Top issues for President Trump on his trip to Japan
Concerns over North Korea, China and trade top the list.
— -- President Trump begins his longest trip yet as president -- a 13-day tour throughout Asia -- with a visit to perhaps the U.S.'s strongest ally in the region and a nation where he enjoys the closest relationship with a leader.
Japan will host the president for two days, from Sunday until Tuesday morning, as Trump hopes to "reaffirm the U.S.-Japan alliance as a cornerstone for regional peace and security," according to a senior administration official.
During that time, he's expected to hold several meetings and play one round of golf with Prime Minister Shinzo Abe, who is fresh off a commanding election victory in October. Trump is also scheduled to visit U.S. troops stationed in the country and meet with families of Japanese citizens abducted by the North Korean regime.
For the Trump administration, Japan has been a steadfast, if somewhat surprisingly strong ally, after Trump at times bashed the country on the campaign trail. Here's a look at the top issues in the key relationship.
Threat from North Korea
Nothing unifies two allies more than a common threat. Kim Jong-un’s provocative ballistic missile and nuclear tests have rattled Japan, especially because some of the most recent missile launches have flown over Japanese airspace.
Abe seized on the threat as a top campaign issue, promising a strong defense of the homeland and aggressive efforts to stop North Korea.
"At a time when North Korea is threatening us and increasing tensions, we must never waver," he said in his last campaign speech before the election last month. "We must not yield to the threat of North Korea."
After a decisive win and a "supermajority" for his party in the parliament, Abe will now forge ahead with his efforts to amend Japan's post-World War II pacifist constitution to officially recognize Japan's "Self-Defense Forces" as a legitimate military.
That's an effort the Trump administration will likely support, as it continues to seek a robust military deterrent of North Korea. Both allies have maintained that "all options," including the use of force, are on the table for dealing with North Korea's nuclear program.
That assertive stance makes South Korea nervous, not only about inciting North Korea, but also because of Japan's history of aggression in South Korea, which still bears fresh scars. Balancing the defensive needs of Japan and the concerns of South Korea, already upset that Trump will spend more time in Japan, will be a tricky tightrope for the president.
Pushing back on China
The Trump administration has entered a new term into its vocabulary -- one that it hopes to use as a clarion call for allies against an increasingly forceful China. After Secretary of State Rex Tillerson first used it in a speech about India, several senior administration officials have begun to talk not about the Pacific or a pivot to Asia, as the Obama administration did, but about the "Indo-Pacific region."
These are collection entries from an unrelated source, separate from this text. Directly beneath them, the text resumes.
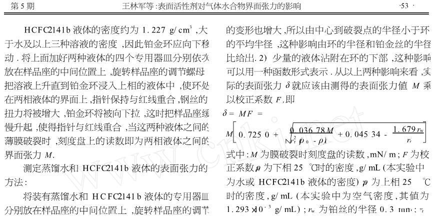 【摘要】:表面活性剂能够减小液体的表面张力以及两相液体间的界面张力,界面张力的减小有利于促进气体水合物快速形成和提高水合物储气能力.为定量研究两相液体间界面张力对气体水合物形成的影响,用界面张力仪实测不同温度时蒸馏水、HCFC-141b的表面张力以及HCFC-141b/蒸馏水、HCFC-141b/十二烷基硫酸钠溶液(0.247%)、HCFC-141b/十二烷基磺酸钠溶液(0.245%)、HCFC-141b/十二烷基苯磺酸钠溶液(0.057 6%)的界面张力,测试结果表明,表面活性剂对降低两相液体间界面张力的作用十分明显,其中十二烷基苯磺酸钠溶液对降低界面张力最为突出,降到HCFC-141b/蒸馏水界面张力值的9%左右,为定量研究气体水合物等优选表面活性剂提供了科学的依据。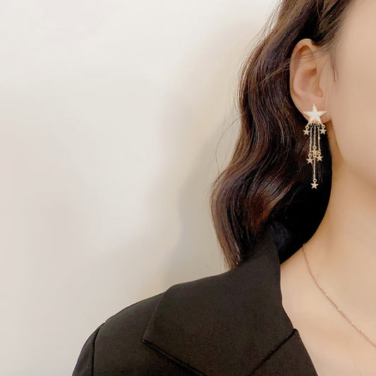 925 Silver Needle Star and Moon Asymmetric Tassel Earrings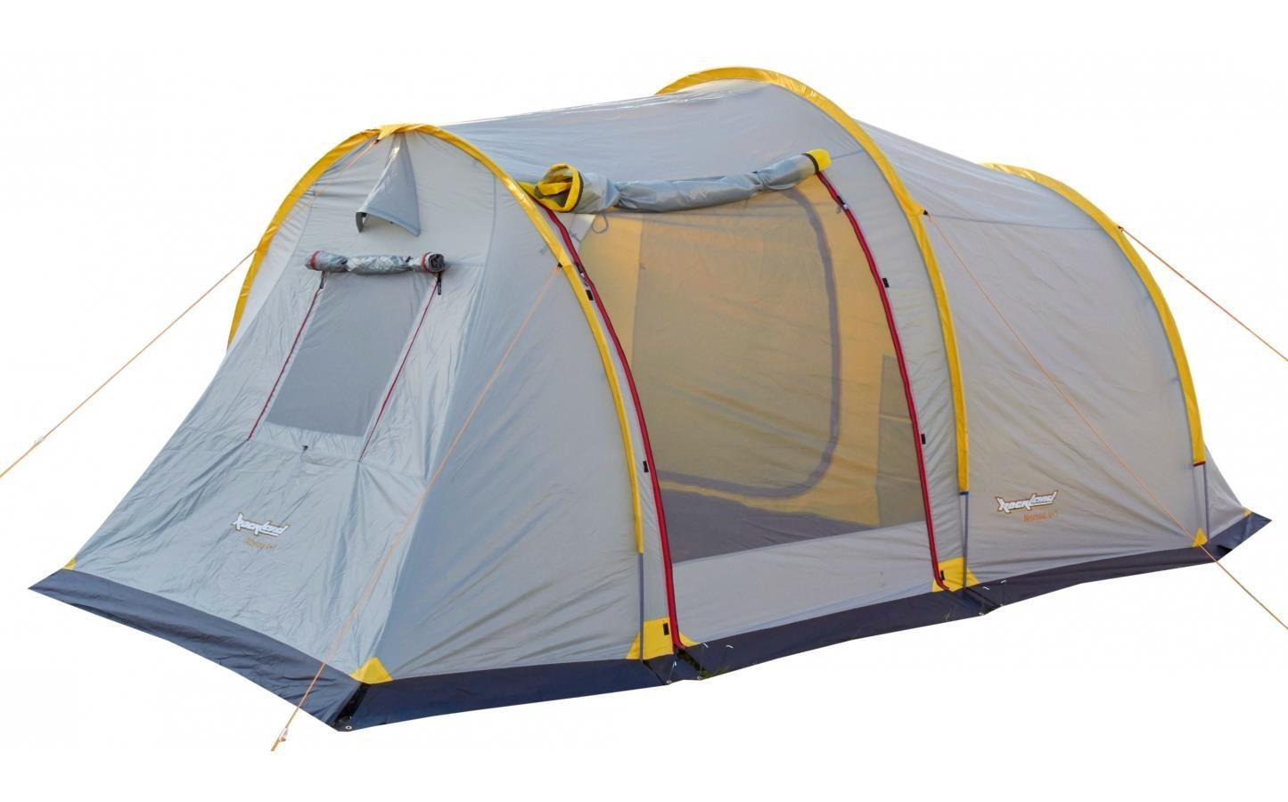 RockLand Nomad 4+1 кемпинговая палатка ангарного типа c двумя входами и одним большим тамбуром. Москитная сетка на входе в тамбур, на входе во внутреннюю палатку и на вентиляционных окнах. Съемный пол в тамбуре. Для защиты от солнца и дождя можно установить козырек перед вхдом. Палатка оборудована большим количеством карманов. При желании возможна установка и без внутренней палатки.В комплект поставки входит установочный комплект: каркас, колышки и растяжки.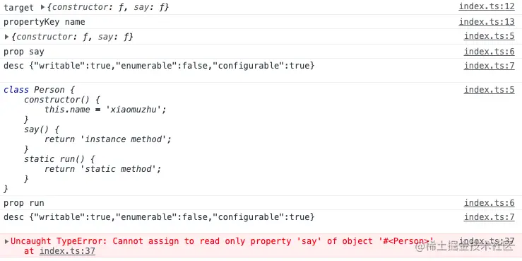 上述可以看到,当装饰器作为修饰类的时候,会把构造器传递进去。 constructor.prototype.age 就是在每一个实例化对象上面添加一个 age 属性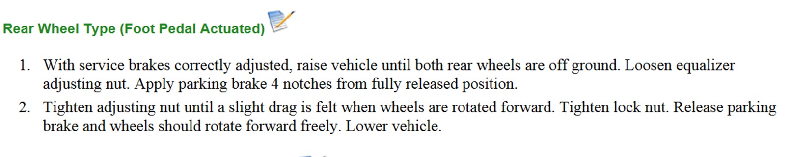 If you have drum brakes or the parking brake is a drum brake inside a rotor, the adjustment is very forgiving. The goal is to reach good pedal pressure with the pedal about halfway to the floor. The initial shoe adjustment is done by observing how much you can shift the rotor left and right as you slide it over the shoes. There's no need to have a little drag on it like you start out with on regular drum brakes because there's more than enough pedal travel to achieve good pressure. Even 1/8" of clearance is not exactly excessive. If the pedal goes further than halfway down after the shoes are adjusted, readjust the main cable to make it tighter.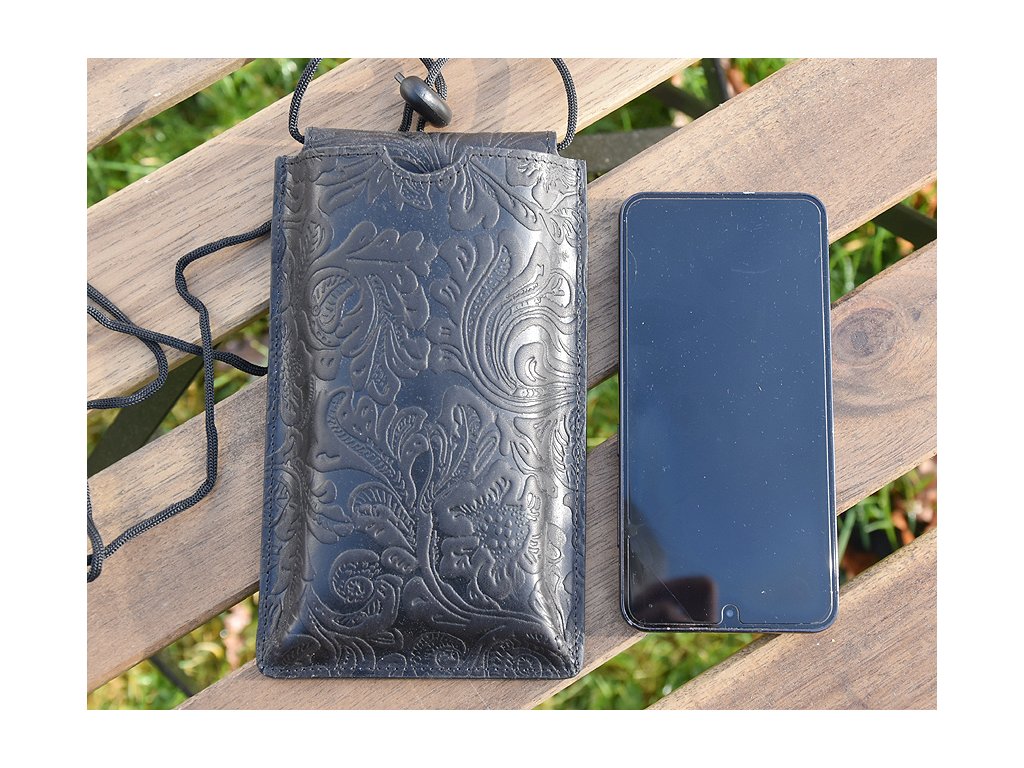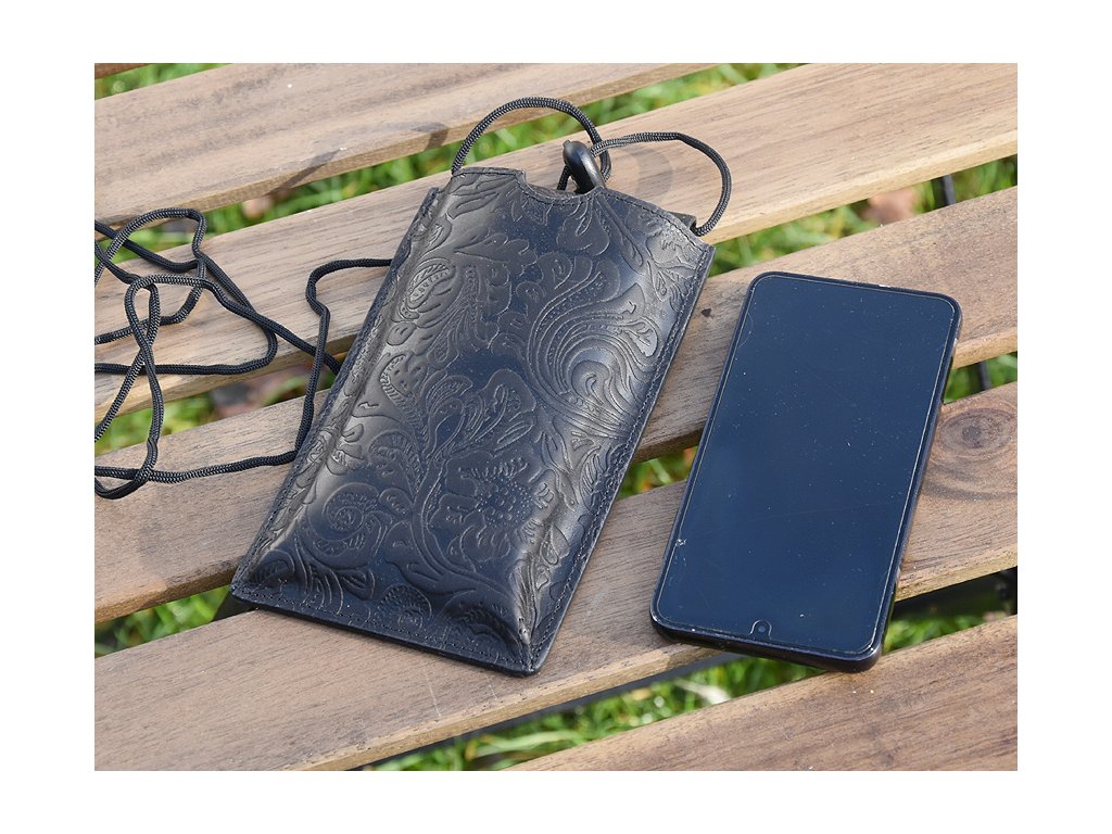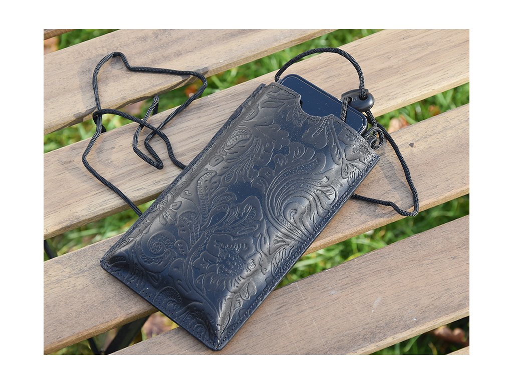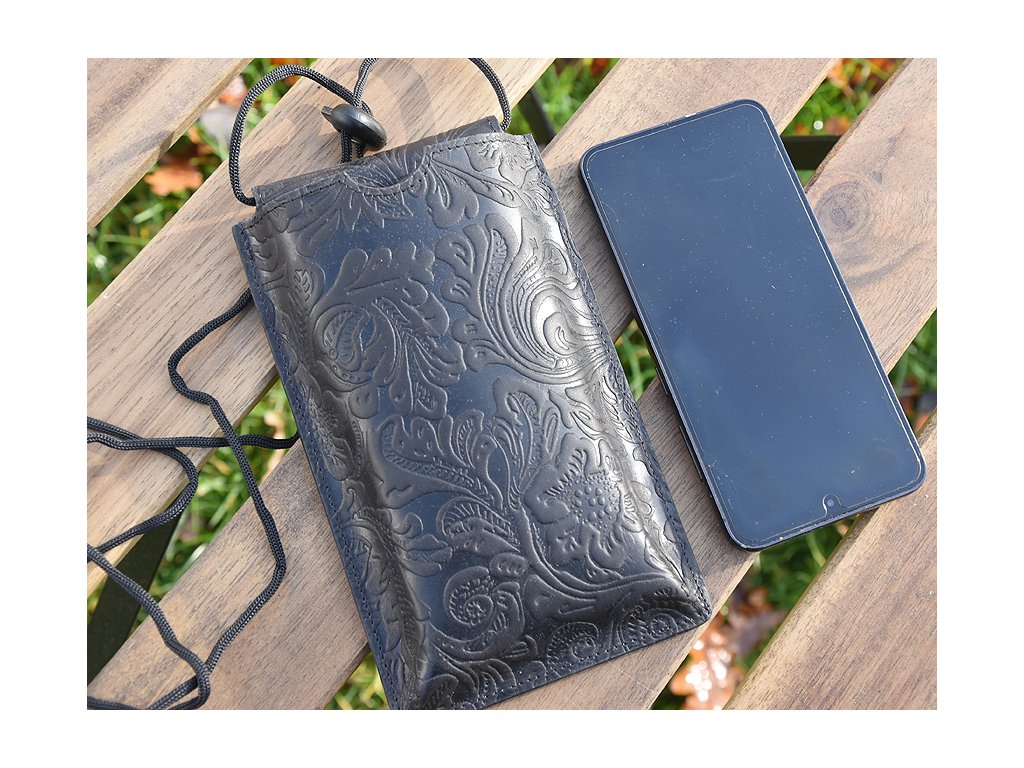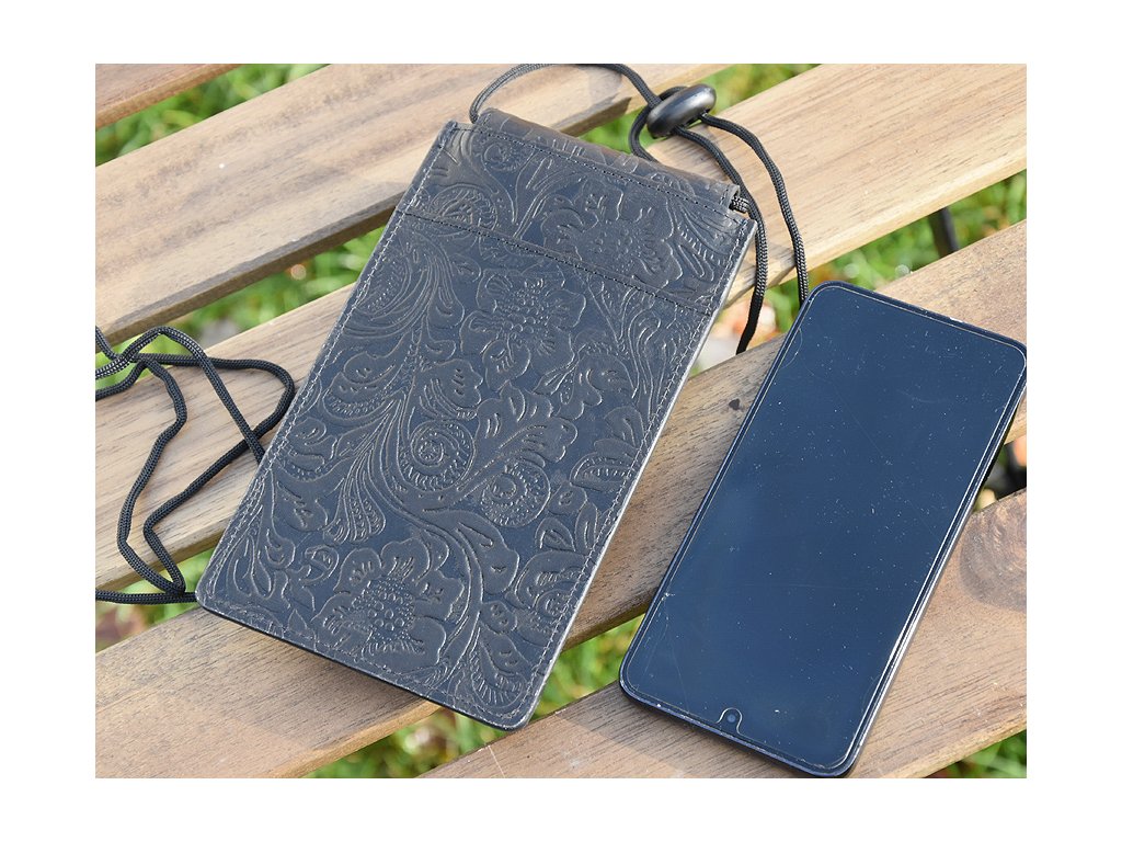 Kožená kapsa na mobil se šňůrkou přes rameno s praktickou kapsičkou vzadu.

With the U.S. on one end and India on the other, the goal is to increase ties between the world's two largest democracies and unite with like-minded countries Japan and Australia to push back against a China-dominated world order.
"You'll see an emphasis on a need for all countries to adopt economic policies based on free-market principles," a senior administration official said of the trip, in a thinly veiled reference to China.
Pushing that strategy is a key part of the president's trip, and as a dominant economic power that operates by the same rules and norms, Japan is crucial to that effort. It also has a keen interest in making sure its powerful, much larger neighbor doesn't get too strong.
"The president is likely to discuss ways that the Japan and U.S. can continue to work together to promote an open and fair trade and investment climate in the Indo-Pacific," the official added, in particular referencing a shared "vision" for transparent, market-based, and high-standard "development financing for major infrastructure projects" -- another swipe at China and its One Belt, One Road initiative to provide funding for developing countries seeking growth.
Trade no longer an issue?
What's interesting is that in briefing reporters before the trip and in Trump's own rhetoric while in office, Japan's own economic relationship with the U.S. is nearly never mentioned.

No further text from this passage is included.